■ MATERIAL SUPPLIED ■
------------------------------------------------

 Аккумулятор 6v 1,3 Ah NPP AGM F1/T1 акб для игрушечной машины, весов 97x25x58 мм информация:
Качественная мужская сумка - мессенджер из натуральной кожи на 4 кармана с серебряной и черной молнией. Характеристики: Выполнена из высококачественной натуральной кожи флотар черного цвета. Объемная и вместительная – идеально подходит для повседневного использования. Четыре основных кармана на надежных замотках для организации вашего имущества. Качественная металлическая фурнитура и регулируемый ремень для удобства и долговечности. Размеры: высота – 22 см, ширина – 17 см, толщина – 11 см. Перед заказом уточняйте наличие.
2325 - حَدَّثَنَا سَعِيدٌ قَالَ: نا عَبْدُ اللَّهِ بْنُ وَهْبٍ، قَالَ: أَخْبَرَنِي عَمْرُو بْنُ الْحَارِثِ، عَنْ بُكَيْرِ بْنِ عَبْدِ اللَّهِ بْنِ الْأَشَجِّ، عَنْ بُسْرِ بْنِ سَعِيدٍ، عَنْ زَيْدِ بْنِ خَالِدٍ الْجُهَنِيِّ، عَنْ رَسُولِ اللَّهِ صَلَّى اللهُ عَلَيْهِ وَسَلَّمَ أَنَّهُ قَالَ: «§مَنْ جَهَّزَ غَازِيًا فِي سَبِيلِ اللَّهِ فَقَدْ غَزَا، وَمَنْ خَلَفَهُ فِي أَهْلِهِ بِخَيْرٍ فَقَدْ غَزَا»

------------------------------------------------

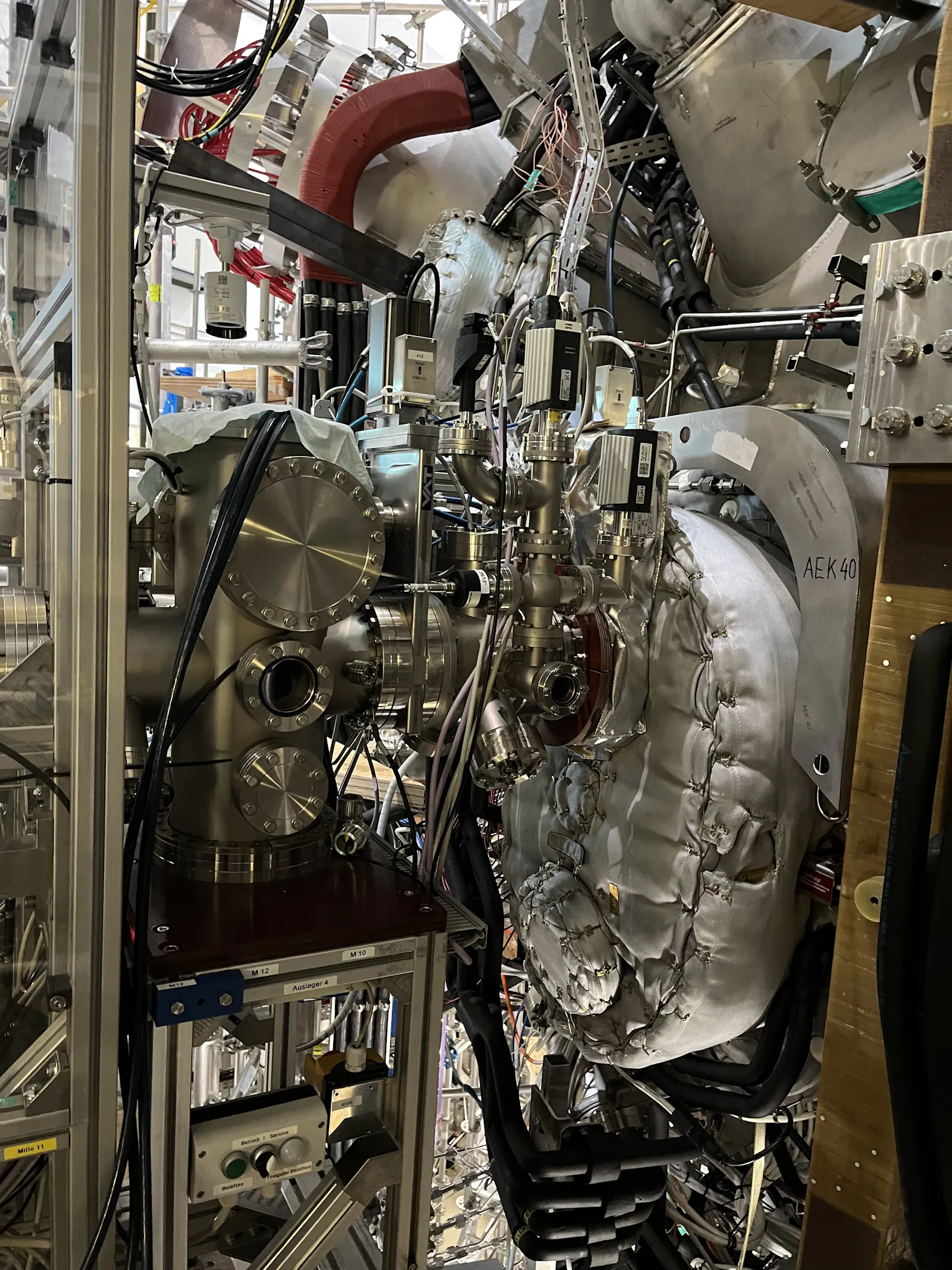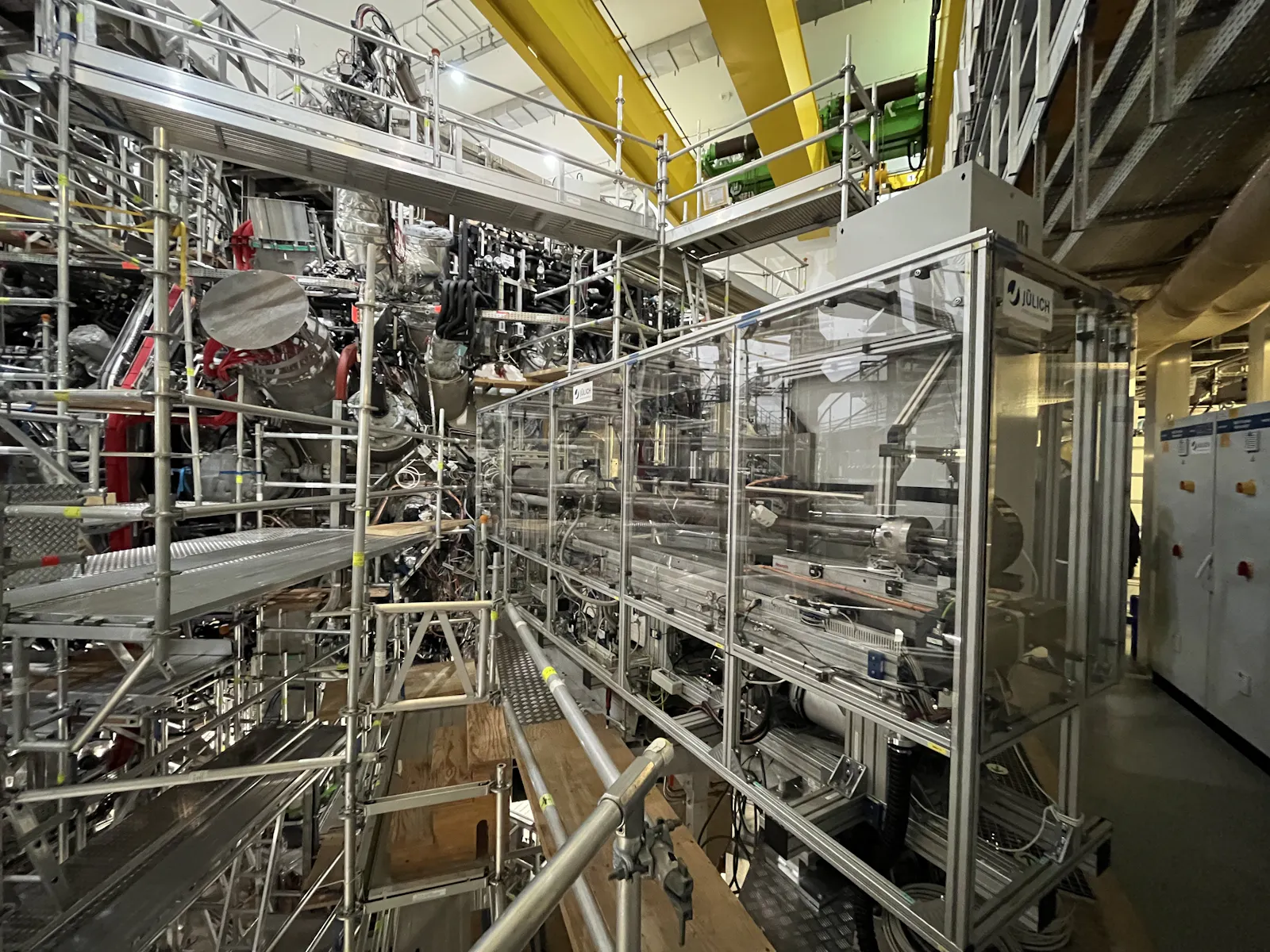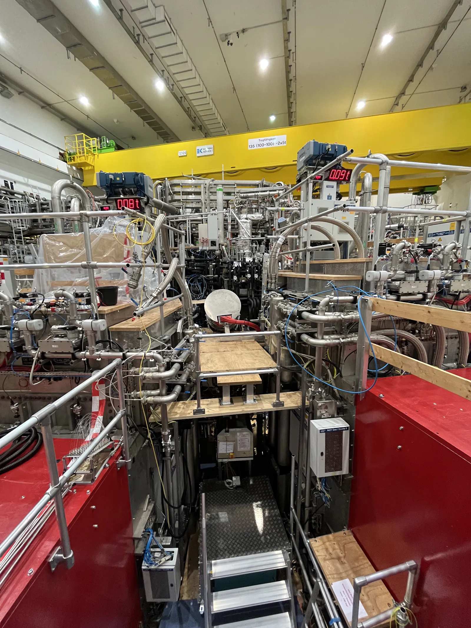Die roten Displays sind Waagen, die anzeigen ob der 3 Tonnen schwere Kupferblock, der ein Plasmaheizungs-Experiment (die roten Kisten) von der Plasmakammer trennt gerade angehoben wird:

------------------------------------------------

■ TASK OBJECTIVE ■
Out of the data above, give again only the lines starting at the one holding "Аккумулятор 6v 1,3" and ending at the one holding "Качественная мужская сумка", unchanged.

■ RESULT OF THIS EXERCISE ■
 Аккумулятор 6v 1,3 Ah NPP AGM F1/T1 акб для игрушечной машины, весов 97x25x58 мм информация:
Качественная мужская сумка - мессенджер из натуральной кожи на 4 кармана с серебряной и черной молнией. Характеристики: Выполнена из высококачественной натуральной кожи флотар черного цвета. Объемная и вместительная – идеально подходит для повседневного использования. Четыре основных кармана на надежных замотках для организации вашего имущества. Качественная металлическая фурнитура и регулируемый ремень для удобства и долговечности. Размеры: высота – 22 см, ширина – 17 см, толщина – 11 см. Перед заказом уточняйте наличие.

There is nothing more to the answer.